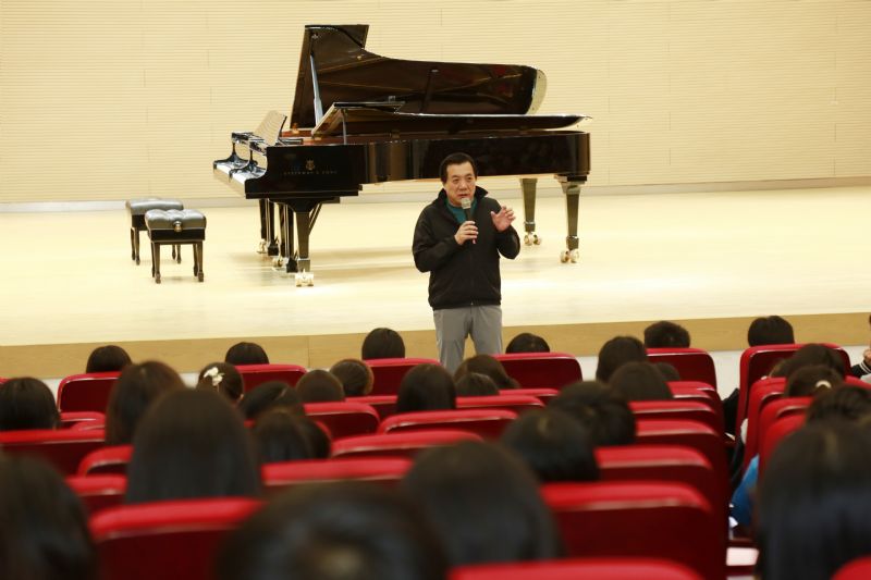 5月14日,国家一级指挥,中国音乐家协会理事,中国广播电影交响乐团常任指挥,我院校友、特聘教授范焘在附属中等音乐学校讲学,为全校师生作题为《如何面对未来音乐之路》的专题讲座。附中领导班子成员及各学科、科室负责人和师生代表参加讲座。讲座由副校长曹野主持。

==

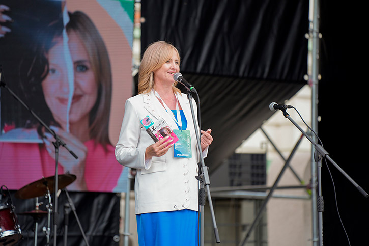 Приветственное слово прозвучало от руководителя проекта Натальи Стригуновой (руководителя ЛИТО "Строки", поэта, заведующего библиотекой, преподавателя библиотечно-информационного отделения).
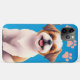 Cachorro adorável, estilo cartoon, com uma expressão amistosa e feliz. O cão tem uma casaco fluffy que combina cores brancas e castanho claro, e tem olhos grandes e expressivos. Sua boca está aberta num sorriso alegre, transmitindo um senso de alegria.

• _WORK INSTRUCTIONS_
Text only, no pictures: please print exactly the lines above from the line with "Приветственное слово прозвучало" up to and including the line with "Cachorro adorável, estilo", and nothing else.

• _EXERCISE ANSWER_
 Приветственное слово прозвучало от руководителя проекта Натальи Стригуновой (руководителя ЛИТО "Строки", поэта, заведующего библиотекой, преподавателя библиотечно-информационного отделения).
 Cachorro adorável, estilo cartoon, com uma expressão amistosa e feliz. O cão tem uma casaco fluffy que combina cores brancas e castanho claro, e tem olhos grandes e expressivos. Sua boca está aberta num sorriso alegre, transmitindo um senso de alegria.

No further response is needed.